*** Begin section ***
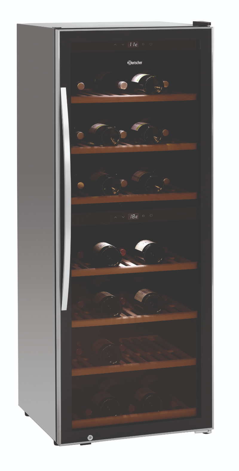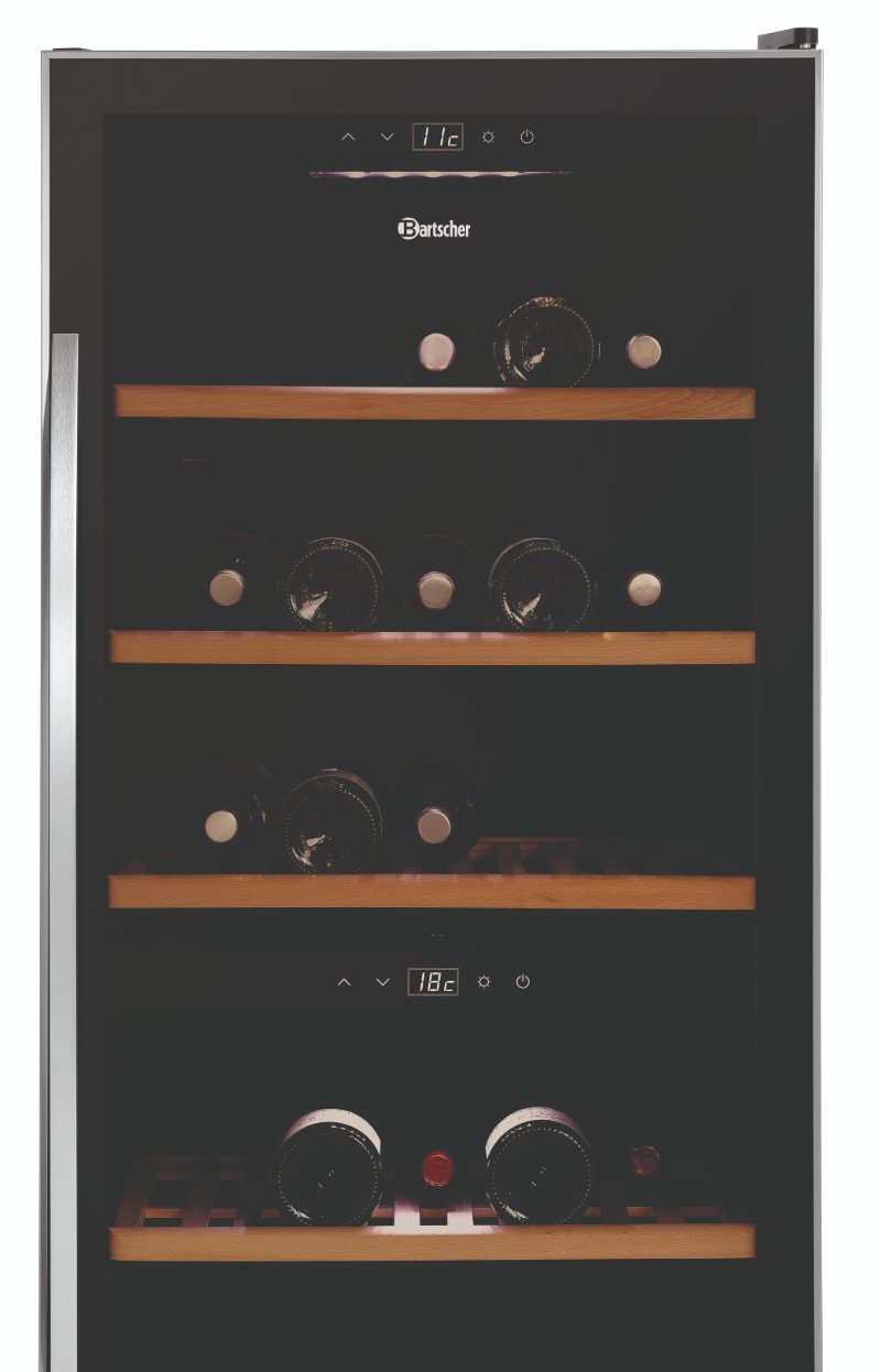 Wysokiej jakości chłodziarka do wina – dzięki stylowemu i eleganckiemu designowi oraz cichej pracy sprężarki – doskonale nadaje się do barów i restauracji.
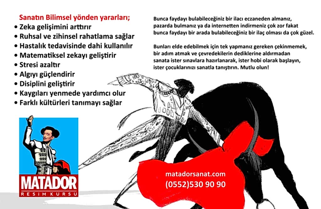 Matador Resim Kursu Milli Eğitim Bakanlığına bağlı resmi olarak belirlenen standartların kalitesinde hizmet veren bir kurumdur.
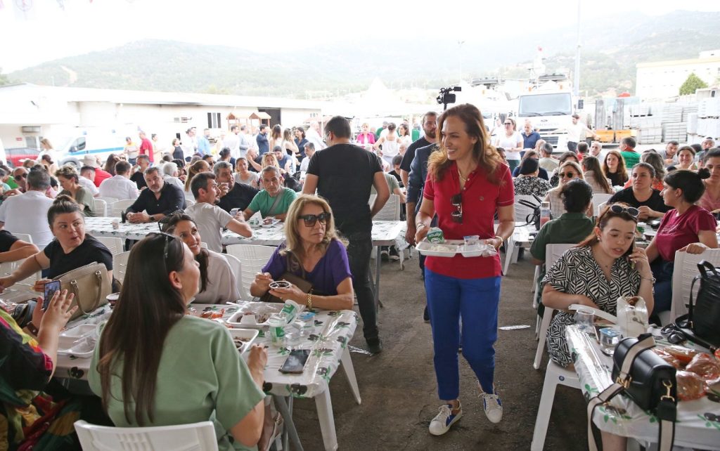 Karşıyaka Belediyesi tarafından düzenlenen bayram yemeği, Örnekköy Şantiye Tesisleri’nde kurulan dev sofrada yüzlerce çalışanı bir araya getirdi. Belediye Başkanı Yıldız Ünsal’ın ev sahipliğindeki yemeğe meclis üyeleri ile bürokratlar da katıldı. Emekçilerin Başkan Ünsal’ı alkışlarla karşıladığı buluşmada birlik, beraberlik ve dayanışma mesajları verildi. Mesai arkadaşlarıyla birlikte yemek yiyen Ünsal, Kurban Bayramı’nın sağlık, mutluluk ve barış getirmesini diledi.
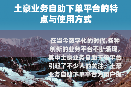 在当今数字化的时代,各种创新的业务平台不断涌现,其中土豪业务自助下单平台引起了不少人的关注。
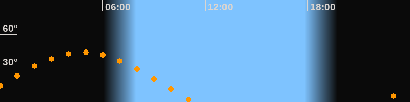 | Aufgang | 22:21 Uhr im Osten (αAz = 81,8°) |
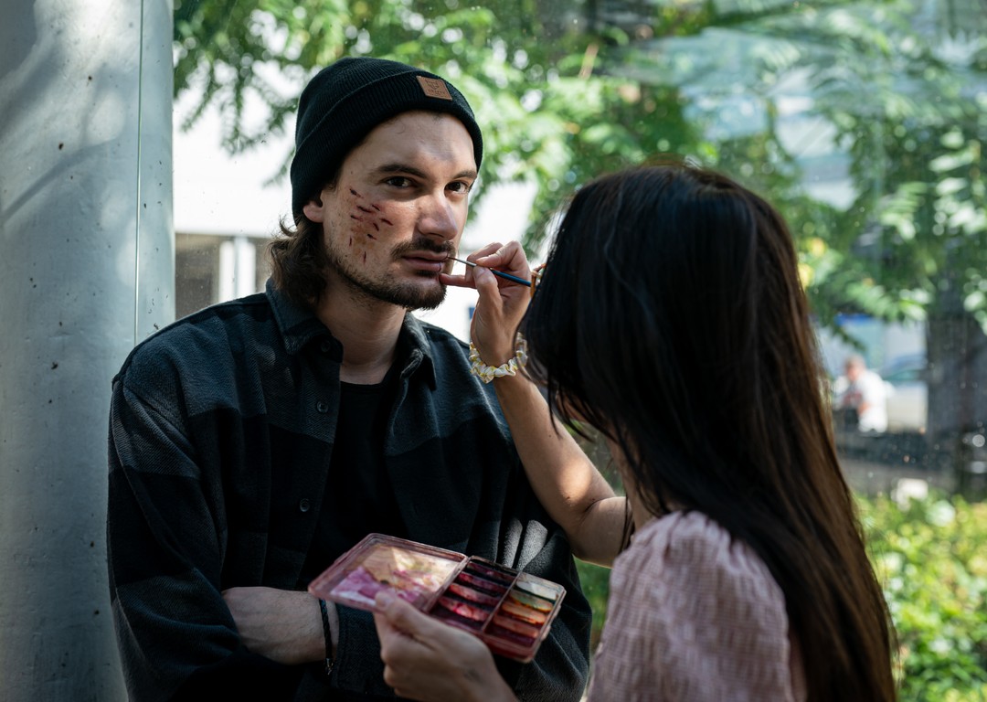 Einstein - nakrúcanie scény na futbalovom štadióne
*** End section ***
What the task requires.
Using the data above, print every line exactly, omitting pictures.

Answer section.
 Wysokiej jakości chłodziarka do wina – dzięki stylowemu i eleganckiemu designowi oraz cichej pracy sprężarki – doskonale nadaje się do barów i restauracji.
 Matador Resim Kursu Milli Eğitim Bakanlığına bağlı resmi olarak belirlenen standartların kalitesinde hizmet veren bir kurumdur.
 Karşıyaka Belediyesi tarafından düzenlenen bayram yemeği, Örnekköy Şantiye Tesisleri’nde kurulan dev sofrada yüzlerce çalışanı bir araya getirdi. Belediye Başkanı Yıldız Ünsal’ın ev sahipliğindeki yemeğe meclis üyeleri ile bürokratlar da katıldı. Emekçilerin Başkan Ünsal’ı alkışlarla karşıladığı buluşmada birlik, beraberlik ve dayanışma mesajları verildi. Mesai arkadaşlarıyla birlikte yemek yiyen Ünsal, Kurban Bayramı’nın sağlık, mutluluk ve barış getirmesini diledi.
 在当今数字化的时代,各种创新的业务平台不断涌现,其中土豪业务自助下单平台引起了不少人的关注。
 | Aufgang | 22:21 Uhr im Osten (αAz = 81,8°) |
 Einstein - nakrúcanie scény na futbalovom štadióne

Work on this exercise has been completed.